TASK INSTRUCTIONS:
Where a picture appears in the data below, exclude it; restate everything else word for word.

PROVIDED MATERIAL:

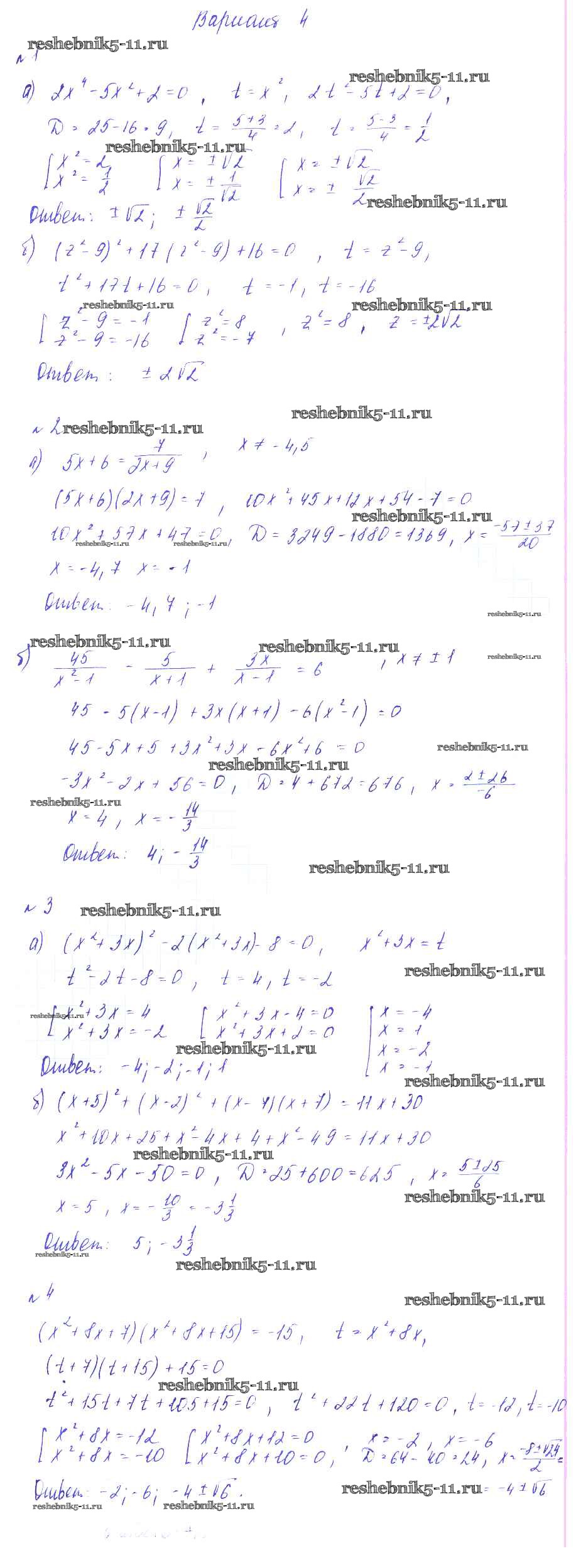 Готовая домашняя работа с ответами по Алгебре за 8 класс Зив, Гольдич Дидактические материалы Виктория плюс 2012 ФГОС - СР №12. Уравнения, сводящиеся к квадратным Вариант-4
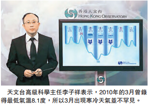 受一股温暖海洋气流影响,未来两日一道冷锋会在明晚横过华南沿岸,与其相关的强烈东北季候风,会在本周后期带来寒冷及有雨的天气,今天日间气温仍有20多度,但至周四、五最低气温跌至10至11度,风势颇大及有雨。极端寒冷天气机会不大天文台高级科学主任李子祥表示,3月初的北极涛动指数没有出现一个很强负值的情况,跟1月出现比较强负值的情况仍有一段距离。他指出,冷空气和寒潮是否能到达华南,要视乎冷空气爆发的地点,以及之后的路径如何。
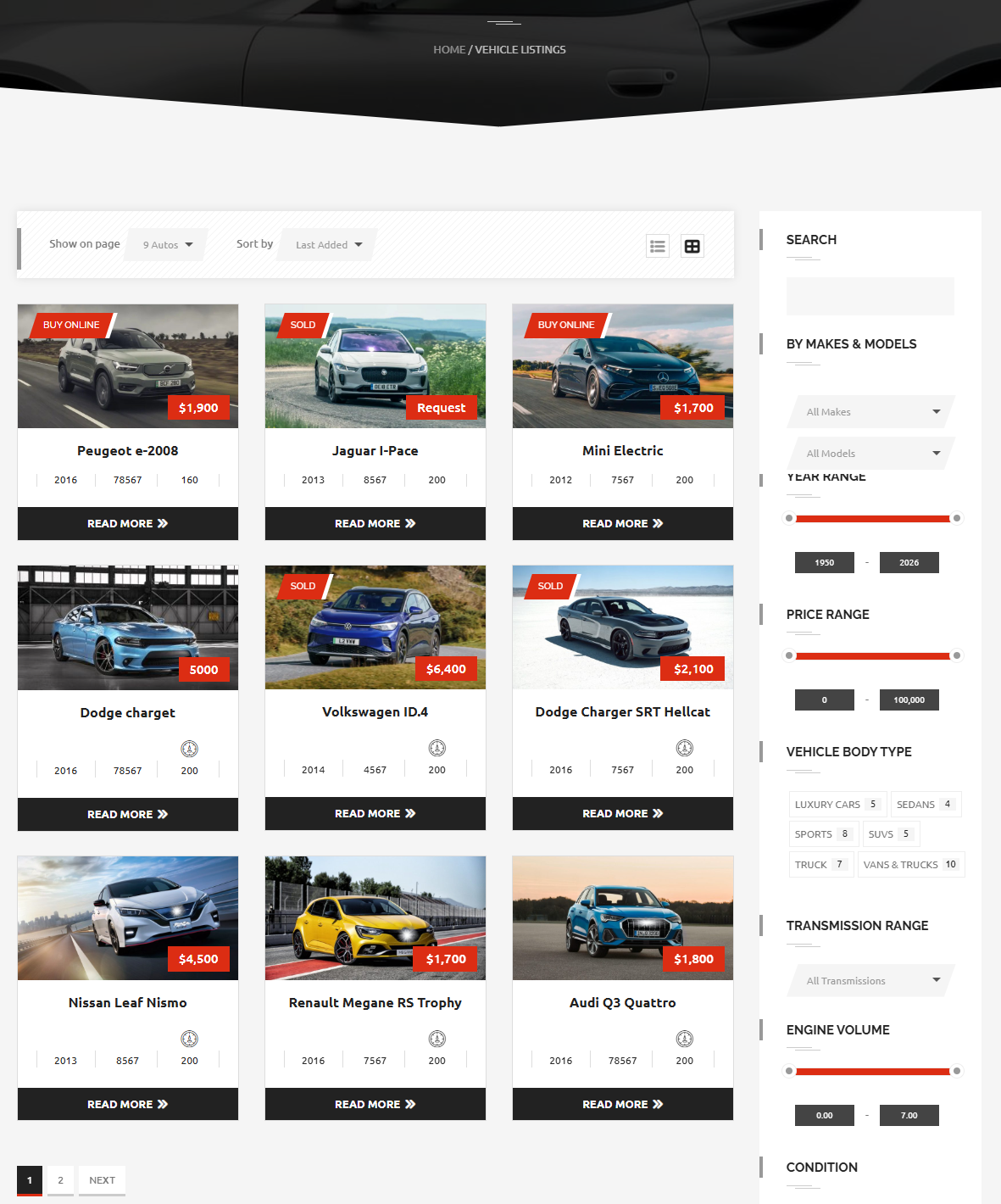 Ten nowoczesny motyw WordPress to prawdziwa rewolucja dla dealerów samochodowych i wypożyczalni pojazdów, łącząc elegancję z wyjątkową funkcjonalnością. Jego klarowny, intuicyjny design zapewnia nie tylko wygodę obsługi, ale także przyciąga uwagę potencjalnych klientów, sprawiając, że Twoja witryna wyróżnia się na tle konkurencji. Idealny do prezentacji flot, ofert i usług, ten motyw zamienia zwykłą stronę w skuteczne narzędzie marketingowe, zwiększając zaufanie i zainteresowanie. Dzięki szerokiej gamie kluczowych funkcji, to więcej niż tylko kolejny szablon – to klucz do sukcesu Twojego biznesu motoryzacyjnego.

RESPONSE TO THE EXERCISE:
 Готовая домашняя работа с ответами по Алгебре за 8 класс Зив, Гольдич Дидактические материалы Виктория плюс 2012 ФГОС - СР №12. Уравнения, сводящиеся к квадратным Вариант-4
 受一股温暖海洋气流影响,未来两日一道冷锋会在明晚横过华南沿岸,与其相关的强烈东北季候风,会在本周后期带来寒冷及有雨的天气,今天日间气温仍有20多度,但至周四、五最低气温跌至10至11度,风势颇大及有雨。极端寒冷天气机会不大天文台高级科学主任李子祥表示,3月初的北极涛动指数没有出现一个很强负值的情况,跟1月出现比较强负值的情况仍有一段距离。他指出,冷空气和寒潮是否能到达华南,要视乎冷空气爆发的地点,以及之后的路径如何。
 Ten nowoczesny motyw WordPress to prawdziwa rewolucja dla dealerów samochodowych i wypożyczalni pojazdów, łącząc elegancję z wyjątkową funkcjonalnością. Jego klarowny, intuicyjny design zapewnia nie tylko wygodę obsługi, ale także przyciąga uwagę potencjalnych klientów, sprawiając, że Twoja witryna wyróżnia się na tle konkurencji. Idealny do prezentacji flot, ofert i usług, ten motyw zamienia zwykłą stronę w skuteczne narzędzie marketingowe, zwiększając zaufanie i zainteresowanie. Dzięki szerokiej gamie kluczowych funkcji, to więcej niż tylko kolejny szablon – to klucz do sukcesu Twojego biznesu motoryzacyjnego.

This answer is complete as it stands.